This recognizes a right to stay in one’s home regardless of bank’s “property rights.”

It is a step toward decommodifying housing.

I favor a broader set of radical demands including the following:

1) Govt as employer of last resort [discussed above]

2) Raise minimum W to living wage

This asserts the right of workers to a decent living standard.

[Meeropol commentary: By the way, the document as distributed has an unfortunate omission. On p. 3 the sentence that begins “Raising the minimum wage…” should have the following words inserted “and wages in general” right after … In other words, our proposal is not just to raise the minimum wage but to raise wages in general so as to redress the growing inequality between income derived from labor (which has been losing out dramatically) and income derived from capital.]

3) Govt takeover of all mortgages in foreclosure, with aim of reducing payments to affordable level.

This asserts the right to a home.

[Meeropol comment: I wonder about this one. Maybe it was implicit but it should only apply to owner occupied homes otherwise you’re also bailing out speculators.]

4) To deal with loss of savings:

A) raise minimum SS pensions to assure decent living standard

B) national health insurance

C) free public higher education

These would address the fear and insecurity people are facing as well as the loss of their saving.

5) Make the financial sector permanently part of the public sector.

A great lesson of the financial crisis is that large Financial Institutions can make profits but not suffer losses — must be bailed out.

Some have said the lesson is to deconcentrate Financial Institutions

(What that means is break up large institutions into smaller ones so that no one of them becomes “too big to fail”) David sees this demand as unrealistic. They would reconcentrate.

Some say re-regulate them — they would lobby for lifting the regulations, as did last time.

The obvious solution is that any sector of the economy that is essential and cannot be allowed to lose money should not be in the private sector.
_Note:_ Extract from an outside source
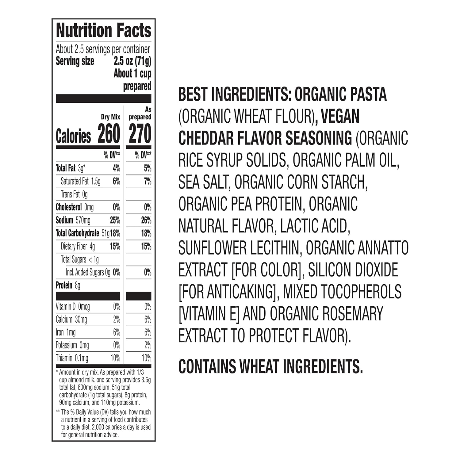 VEGAN MAC AND CHEESE: Boxed mac with cheddar flavor ready in about 10 minutes for a quick, easy, and great-tasting kids dinner addition

A public financial system would end speculative activity, steer credit to socially useful purposes, and would not lobby for deregulation.
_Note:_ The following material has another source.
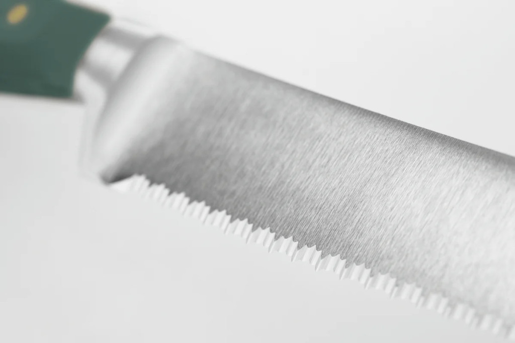 Különleges fogazott élével és öt új jellegzetes markolatszínével a Wüsthof Classic Colour 23 cm-es duplafogazott kenyérkésünk mindenki számára tökéletes választás. Ez a kenyérkés nemcsak a ropogós kenyérszeleteket vagy a frissen sült zsemléket és süteményeket vágja könnyedén, hanem nagy gyümölcsök, kemény héjú zöldségek vagy vasárnapi sültek szeletelésére is tökéletesen alkalmas. A duplafogazott él (fogazatok a fogazatok között) segít a pengének hosszabb ideig éles maradni, és minimális nyomással tiszta, egyenletes vágásokat eredményez. Az öt gyönyörű új markolatszín közül bármelyiket is választja, ez a kés extra adag önkifejezést (és stílust) ad a vágódeszkához a következő vacsorapartin, vagy a konyhában az Ön oldalán.

This demand challenges the view that the profit motive is the best way to structure economic activity.

If the left puts forward such demands, they would make sense to millions of people.

Making such demands can play a role in organizing a radical mass movement.

[Meeropol comment: Here is where a criticism mentioned by Bill Tabb comes in to play. The right has a mantra that they trot out regularly – “government is quite inefficient – it would do a WORSE job.” We have to be prepared for that argument and have answers.]

4. Another Period of Social Democratic Compromise?

It is not possible to foreclose the possibility of another period of SD compromise.

Capitalism has proved resilient before.

But it faces the most serious obstacle in its history to another period of Capitalist expansion: the now binding environmental constraint.

As Marx predicted, Capitalism has now spread around the world, breaking down what he called Chinese walls. [Given China’s crucial role in any new emerging Capitalist SSA, this term is particularly apt!]

But as Marx did not predict, this does not just develop the Forces of Production.

It threatens the extinction of our species, as we use up natural resources and destroy the environmental basis of our civilization.

David argues that Capitalism cannot survive without forever increasing the production of Consumer Goods.

A new period of Social Democratic compromise would require renewal of rapid growth.

But this conflicts with the requirements of human survival.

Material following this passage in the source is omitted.